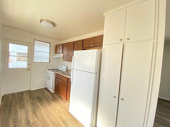 The kitchen comes complete with a refrigerator and range. There is a washer in the back for your convenience.
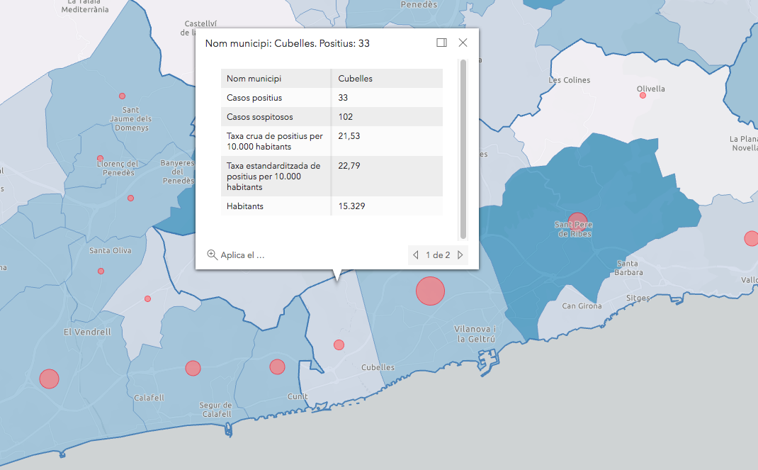 A la comarca del Garraf en total hi ha ara 538 positius confirmats (+12) i 1.309 casos sospitosos de tenir la COVID-19, amb una taxa d'uns 35,6 casos per cada 10.000 habitants. En les dades per municipis, el més afectat en quantitat és Vilanova i la Geltrú amb 253 positius confirmats (+1), 607 sospitosos (+25) i una taxa de 37,7 casos per cada 10.000 habitants. En proporció a la població, però, és Sant Pere de Ribes el municipi de la comarca amb més contagis. Concretament hi ha 168 positius confirmats (+6), 307 sospitosos (+10) i una taxa de 54,6 casos per cada 10.000 habitants. A Sitges sumen 72 positius (+4), 233 sospitosos (+8) i 24,5 casos per cada 10.000 habitants. Al municipi veí de Cunit (Baix Penedès) el nombre de positius és de 53 persones (+3), hi ha 221 sospitosos (+37) i una taxa d'un 40,9% per cada 10.000 habitants.
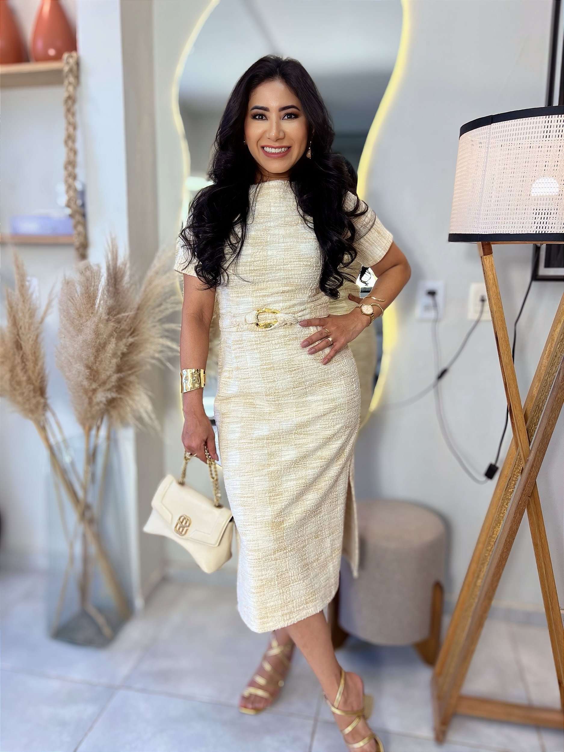Vestido Malha Tweed Natural Comprimento Midi Com Fendas Laterais

........

* **ASSIGNMENT**
Restating the data word for word is the task, and pictures are to be omitted.

* **ANSWER BOX**
 The kitchen comes complete with a refrigerator and range. There is a washer in the back for your convenience.
 A la comarca del Garraf en total hi ha ara 538 positius confirmats (+12) i 1.309 casos sospitosos de tenir la COVID-19, amb una taxa d'uns 35,6 casos per cada 10.000 habitants. En les dades per municipis, el més afectat en quantitat és Vilanova i la Geltrú amb 253 positius confirmats (+1), 607 sospitosos (+25) i una taxa de 37,7 casos per cada 10.000 habitants. En proporció a la població, però, és Sant Pere de Ribes el municipi de la comarca amb més contagis. Concretament hi ha 168 positius confirmats (+6), 307 sospitosos (+10) i una taxa de 54,6 casos per cada 10.000 habitants. A Sitges sumen 72 positius (+4), 233 sospitosos (+8) i 24,5 casos per cada 10.000 habitants. Al municipi veí de Cunit (Baix Penedès) el nombre de positius és de 53 persones (+3), hi ha 221 sospitosos (+37) i una taxa d'un 40,9% per cada 10.000 habitants.
Vestido Malha Tweed Natural Comprimento Midi Com Fendas Laterais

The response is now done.